Tales Of Mysterious Smells And Imaginative Excuses

By Jas Faulkner 

C. S. Lewis, busy not signing one of “Dick Cavities'” books.

One of the advantages of having friends who work in different fields is that one person’s talking shop is another person’s entertainment for the evening. Two friends from way back now run a UBS somewhere in Mississippi.  It doesn’t matter how stupid the tort, how outrageous the fortune of those who call law enforcement or how deeply I have inserted my foot into my mouth, they can trump any and all tomfoolery with the lengths people will go to in order to trade or sell a book.

“I would love to see these people,” I said one evening.

“No.”  Tabitha answered.  “No, you wouldn’t.  Do you remember the scene in ‘Clerks’ where they showed all of the customers who drove Dante and Randall crazy?”

“They were funny,” I said.

“Yes, they were,” answered Samantha, her partner. “Our crazy people are not funny.  I just want to pinch their little heads off and flick them at Cornelia Otis Skinner.”*

Tabitha nudged Samantha, “Tell her about Dick Cavities.”

“Dick Cavities?”

“Not his real name.  He used to live in Memphis and went to probably every booksigning Davis-Kidd** ever had.  We always paid him a little more for his signed books.  We figure he ran out of actual autographed copies because after a while he came in with suspiciously worn books with scribbled signatures Sharpied on the title page.”

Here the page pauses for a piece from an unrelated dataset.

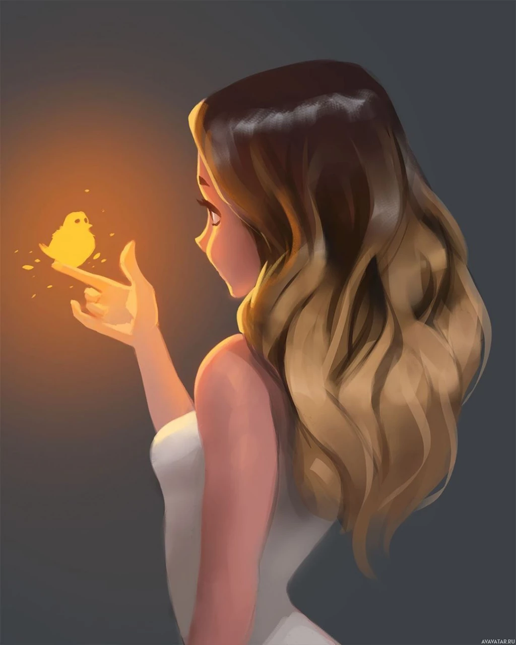 a female character who appears to be magically conjuring a bird from her hand. The character has long,

“We figured he needed the money and it wasn’t a huge amount over what we would have paid anyway.”

“I take it this got to be a problem,” I said.

“Oh yes.  He pushed a little too hard one day.  His latest batch included a Scholastic paperback autographed by the author.  He also had another fairly new but water damaged Portable collection, also signed by the author.”

“And they were?”

Samantha sighed, “C. S. Lewis and Edgar Allen Poe.”

“Oh. That is bad.”  I winced.

There was also the infamous Ya Ya book that still makes Tabitha feel the need to do deep breathing every time she thinks about it.  Someone had used it to press their insect collection and it worked out exactly as well as one would think, especially when the collection included a cicada and a large bodied moth.

“I didn’t say a word.  I just held up the page with the mashed moth and waited for an explanation.”  Tabitha shook her head.

“What did they say?” I asked.

“She said it came that way.  She insisted on it even after I tried to quietly and kindly tell her it was impossible.  Thing is, we bought everything else she brought in.  All of the other books would move in a week or two and they were in beautiful shape.  We just could not take a book with that much extra…protein between the pages.

“She was furious and said she guessed she would have to take it back home.  I told her she didn’t have to do that.  There was a city trash bin kitty-cornered from the door on the sidewalk across the street.   I suggested she drop it off there.”

“Did she?”

“Oh no.” Samantha laughed, “She told us she was sure we would go dig it out and sell it when she left.  We promised her that we would do nothing of the sort, so she took her buggy Ya Ya Sisterhood hardback home with her.  She did tell us she would never come back.”

Tabitha looked thoughtful for a moment, “You know…?  No.  No.  We won’t miss her.”

 

 

*Cornelia Otis Skinner is their cat.

**A now-defunct indie bookseller in Tennessee.